Q. Our congregation has an excellent choir. Our meetinghouse is a popular place for community dinners and other public events. Recently, one of our fellowship members produced a movie to tell our story to newcomers. Questions are now being raised about copyright and privacy issues. If we sponsor a Christmas fair and we sing Christmas carols from the Unitarian Universalist hymn book, do we need legal permission? Can we film visitors as they walk past our holiday displays? The movie includes crowd scenes with two or three hundred people present.
A. Peter Bowden, a children’s television producer who also runs UU Planet Ministry & Media, which offers growth consulting and video production services to congregations, has this to say:
“I’m not a lawyer, so please conduct your own thorough research and consult experts. However, in my work with producing documentary-style content for broadcast TV we always get a release form with this simple guideline—if you can tell who it is, get a personal release.”
“When filming crowds at public performances and other large events we generally post signs at entrances to the event notifying those attending that we are filming,” he says. “By entering the event they are thereby giving consent. When we do this we take pictures of the signs to document they were posted.”
“In short,” he says, “signed releases for everything! For people, for corporate logos, for property, for pets. In the spring of 2009 I made a video for our congregation’s capital campaign (http://www.youtube.com/channingchurch). If you look at that video, which is primarily stills edited together, I only used recent footage with people I recognized and thought we’d have a chance of contacting. We went through the video and listed every person clearly recognizable. All of these people were contacted for permission. We went with simple verbal and email permission to be included and were explicit in stating the video would be posted online. I would have liked written releases but the verbal/email is better than many churches do.”

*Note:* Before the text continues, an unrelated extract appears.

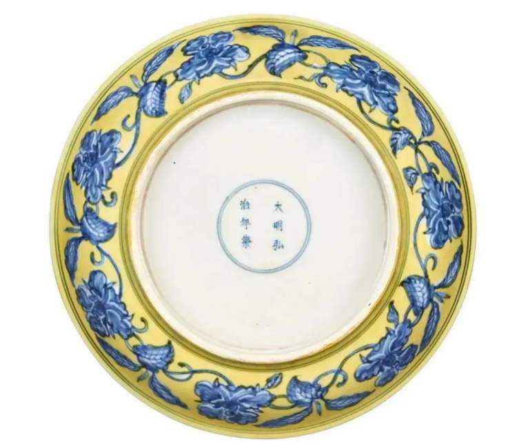 明弘治黄地青花折枝槴子花果纹盘
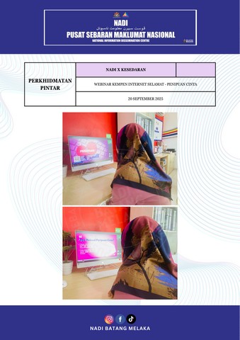 Pada 20 September 2025 bersamaan hari Sabtu, Webinar Kempen Internet Selamat – Penipuan Cinta di bawah bimbingan Cik Atiqah telah diadakan. Tujuan utama program ini adalah untuk memberi kesedaran kepada Masyarakat tentang bahaya penipuan cinta di alam maya, memahami modus operandi yang digunakan oleh penipu serta membekalkan pengetahuan supaya orang ramai dapat melindungi diri daripada menjadi mangsa.

The dangers of not being thorough? “All it takes,” Bowden says, “is one person to discover they are in your video (or their former spouse and child are) and you’ve opened a can of worms. Maybe not a lawsuit, but you can quickly regret not doing the work to get permissions. If you have existing footage you want to use you’ll need to make your own judgment call.”
He adds that some public events, such as newsworthy gatherings, have different standards. “As for music, if it has a valid copyright you need to get permission to use it in a video. Just last week I saw a UU video on YouTube that had a notice posted under it stating that the audio for the video had been disabled due to potential copyright violation. In the YouTube environment people and organizations are getting very sloppy. I advise organizations not to fall into this trap.” Information on obtaining copyright permissions for some UU materials is here.
In addition to his work with congregations, Bowden created and moderates the website uuplanet.tv, a Unitarian Universalist video network. Through this site he is collecting and sharing all of the best UU television and video content from across the web.